In addition, as the nozzle check pattern P stored in the processing apparatus main body 52, particularly the line width and length of each line segment L are stored as a range (effective range) in which each nozzle is determined to be normal. Then, as described later, the data is collated with the recording data recorded and transmitted by the CCD camera 51, and whether the line width or length of each line in the nozzle check pattern in the recording data is within the effective range or not is checked. Is checked, the quality of the ejection performance of each nozzle 18 of the droplet ejection head 34 is determined.
[0040]
In addition, regarding the inspection of the degree of deterioration of the liquid material, the color of the test medium 41 when discolored near pH 2.0 and the color of the test medium 41 when discolored near pH 2.5 are, for example, a CCD camera 51 in advance. In this case, the degree of deterioration is determined (inspection) by determining the pH of the droplet (liquid material) by passing through a color filter provided in the printer.
[0041]
After the preparation has been performed in this way, droplet ejection is performed according to the following procedure.
First, the control unit 40 moves the droplet discharge head 34 to a cleaning stage (not shown) on the base 31 and performs cleaning, thereby setting all the nozzles of the droplet discharge head 34 to a state in which droplets can be discharged. .
[0042]
Next, the control device 40 moves the droplet discharge head 34 onto the inspection medium 41 in the flushing area F.

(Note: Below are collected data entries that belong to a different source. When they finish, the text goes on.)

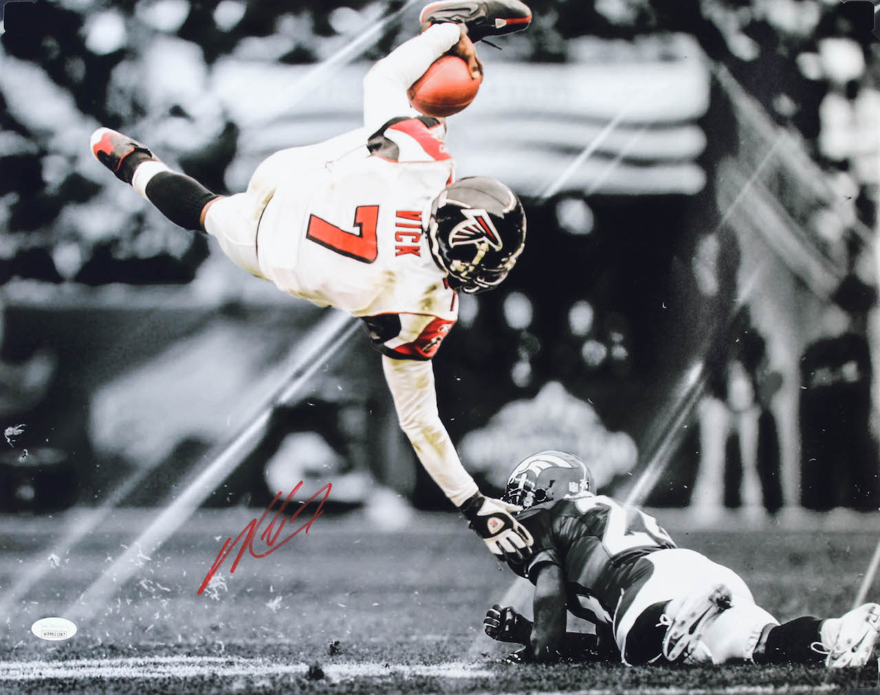 Photo measures 16" x 20" in size and has been hand-signed by Micheal Vick (Atlanta Falcons).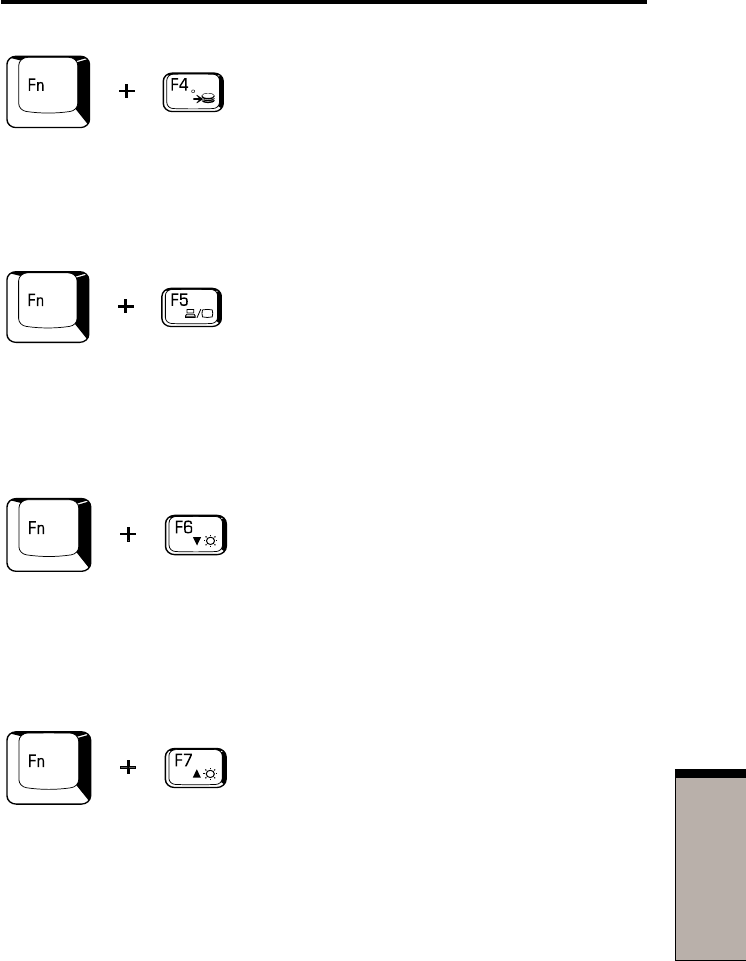 LCD Display Brightness: Pressing Fn + F6 decreases the LCD display bright-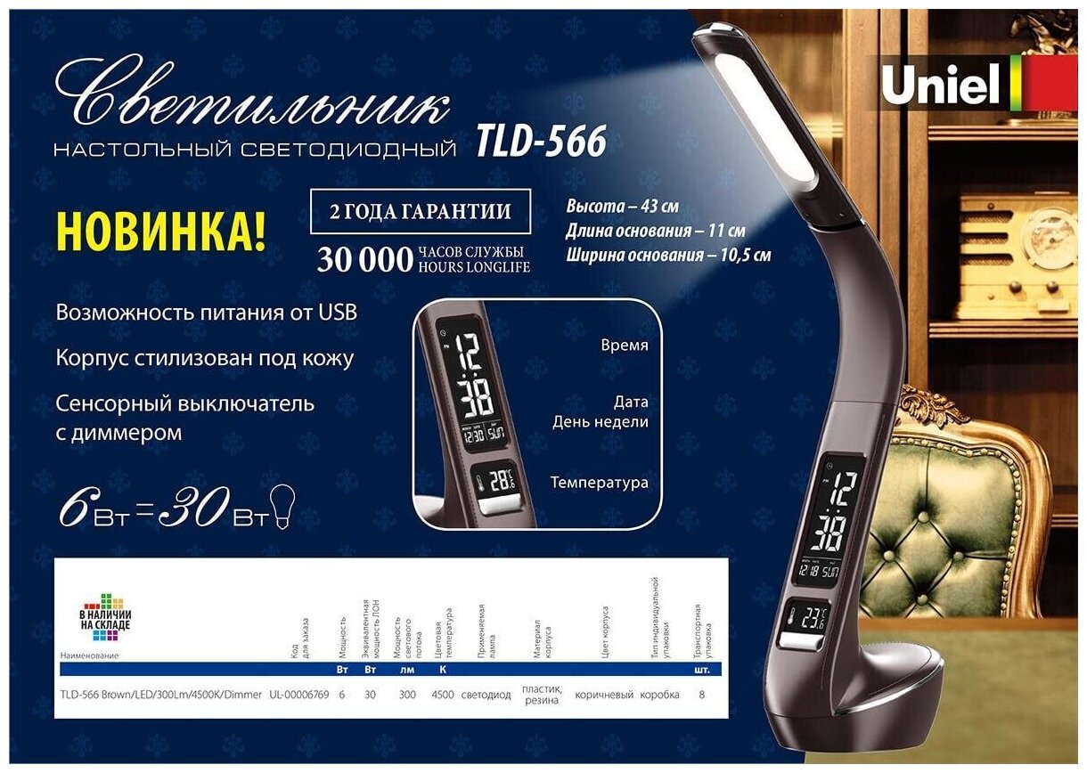 Ниже Вы можете прочитать отзывы на Настольная лампа (UL-00006473) Uniel TLD-565 Brown/LED/360Lm/3000-6000K/Dimmer/WR, ознакомится с подробными характеристиками, посмотреть интересные обзоры и фотографии на Настольная лампа (UL-00006473) Uniel TLD-565 Brown/LED/360Lm/3000-6000K/Dimmer/WR.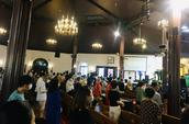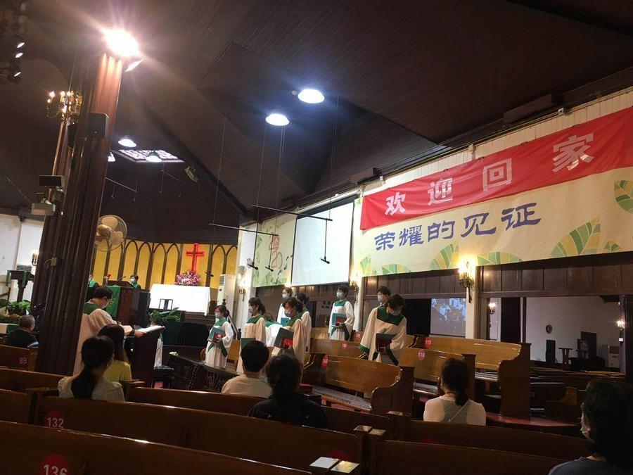 那时距离礼拜开始只有5分钟了,笔者找到座位,发现原本一长排能坐9个人的礼拜堂现在只能坐4个人。礼拜还是跟往常一样,宣读经文、唱诗、祷告、诗班献唱、证道。

The inspection medium 41 is located on both sides of the base 31, but there is no particular limitation on which side is used. The arbitrary side is selected and the droplet discharge head 34 is moved thereon. However, it goes without saying that the selected side is recognized by the processing apparatus main body 52.
[0043]
Next, it is confirmed whether or not the inspection medium 41 is correctly set in the flushing areas F, F.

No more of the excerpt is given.